Learn Document Embedding using Facebook StarSpace

Published in

Deep Learning HK

3 min readJun 23, 2019

This seems to match with the title “Starspace”

Recently I have come across a tool called StarSpace which is created by Facebook. StarSpace catches my eyes because it learns to represent different objects into the same embedding space. In order words, it learns embeddings and used these embeddings to complete a lot of different tasks, below are some examples

Word / Tag embeddings (map from a short text to relevant hashtags)
Document recommendation (embed and recommend documents for users based on their historical likes/click data)
Sentence Embeddings (given the embedding of one sentence, one can find semantically similar/relevant sentences)

StarSpace could archive many more tasks, as long as you prepare the data in the right format. And in this blog post, I am going to use StarSpace to learn document embeddings to predict the category of the document, all the code is available here.

Compute Document Similarity Using Autoencoder With Triplet Loss

Generate embeddings using Denoising Autoencoder with Triplet Loss and then calculate cosine similarity of embeddings

medium.com

In my previous post, I have showed how to compute document embeddings using autoencoder with triplet loss and the learned embeddings is able to preserve categorical similarity between documents. And now I am going to use StarSpace to do that same task one more time.

Tasks

Using news content to predict its category
Examine the learned embeddings

Prepare training data

Since StarSpace does not do tokenisation, I have to first tokenise the news.

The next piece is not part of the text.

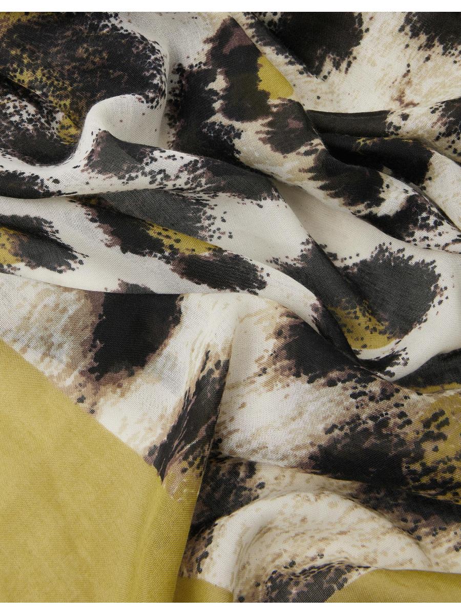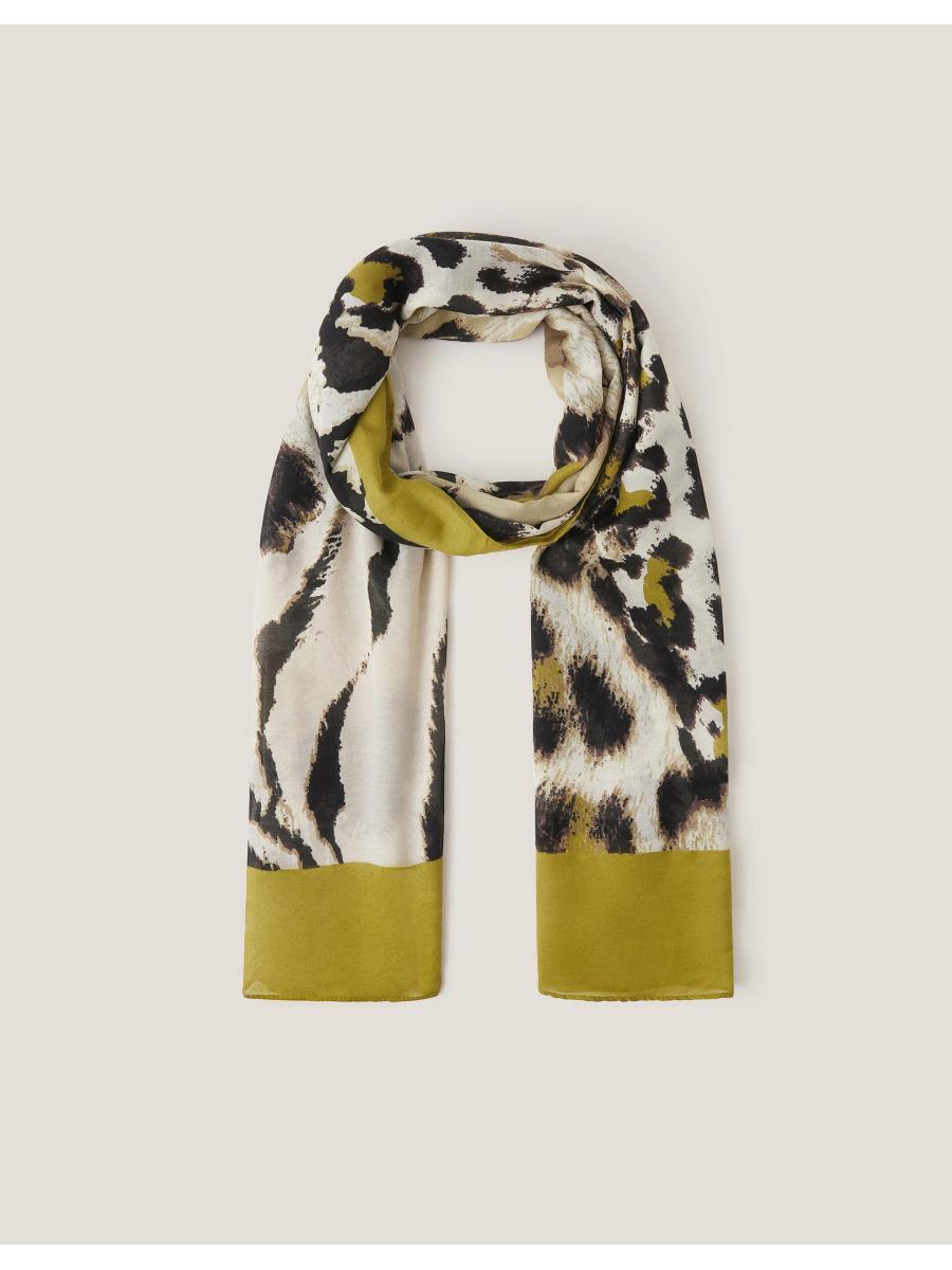 Feline fierce? Whisked from soft, lightweight yarns, this scarf is perfect for styling across the seasons. Patterned with a mix of animal spots and stripes, it's finished with a colourblock frame in a dreamy olive hue.

Note that each line corresponds to a news and its label, all separated by space.

Training

Following command is used to train a model using StarSpace and then use the model to get back the embeddings.

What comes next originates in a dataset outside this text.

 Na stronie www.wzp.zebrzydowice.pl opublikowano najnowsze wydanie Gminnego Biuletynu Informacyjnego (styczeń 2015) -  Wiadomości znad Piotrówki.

> starspace train -trainFile uci_train_starspace_formatted.txt -model uci_starspace -trainMode 0 -validationFile uci_validate_starspace_formatted.txt -dim 50 -epoch 50 -negSearchLimit 1 -thread 20 -lr 0.001> embed_doc uci_starspace uci_train_starspace_formatted.txt > uci_train_starspace_embed.txt

Results

Same as the last blog post, I will evaluate the performance of the embeddings by checking the AUROC of cosine similarity of similar articles (article of the same category or same story).

The graphs above compare the embeddings trained using StarSpace with simple Tfidf, we see that StarSpace embeddings is better in preserving categorical similarity.

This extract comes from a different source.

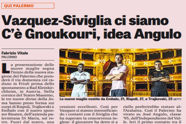 “La presentazione delle nuove maglie segna l’inizio della nuova stagione del Palermo che prenderà il via domenica col raduno in Friuli prima dello spostamento a Bad Kleinkirchheim, in Austria. Nella cornice del Teatro Massimo, le tre nuove divise della Joma hanno preso forma sui corpi di Rispoli, Trajkovski e Embalo con il nuovo sponsor Bisaten, dell’azienda palermitana Di Maria, sul retro. Fuori dal teatro, una trentina di tifosi della curva Nord inferiore ha contestato il presidente Zamparini, in questo momento impegnato con il nuovo d.s. Foschi sulle cessioni eccellenti. Così per Vazquez si stanno intensificando i contatti con il Siviglia che ha superato la concorrenza inglese: il giocatore ha detto sì a 5 anni di contratto a 2 milioni a stagione, chiusura vicina a 15 milioni (si discute solo sulle modalità di pagamento). Si lavora anche per l’attacco. Borriello preferirebbe restare all’Atalanta. Così il Palermo ha virato su José Angulo, classe ‘95, dell’Independiente del Valle. Ieri il primo contatto tra il d.s. Foschi e l’entourage dell’attaccante ecuadoriano. Intanto in mezzo è sorpasso sul Bologna per Gnoukouri”. Questo quanto riportato dall’edizione odierna de “La Gazzetta dello Sport”.

AUROC results using Testing Data
+---------------------+--------------+-----------+
|                     | Category Sim | Story Sim |
+---------------------+--------------+-----------+
| Triplet Autoencoder |         0.78 |      0.92 |
| StarSpace           |         0.93 |      0.90 |
+---------------------+--------------+-----------+

The above table compare the StarSpace embeddings with the triplet embeddings (trained in previous blog post), we see that StarSpace does a significantly better job in preserving categorical similarity without too much loss in story similarity.

Conclusion

StarSpace seems to be a powerful tool to train embeddings of documents, it is very fast (the training took just a few minutes on my laptop) and easy to use.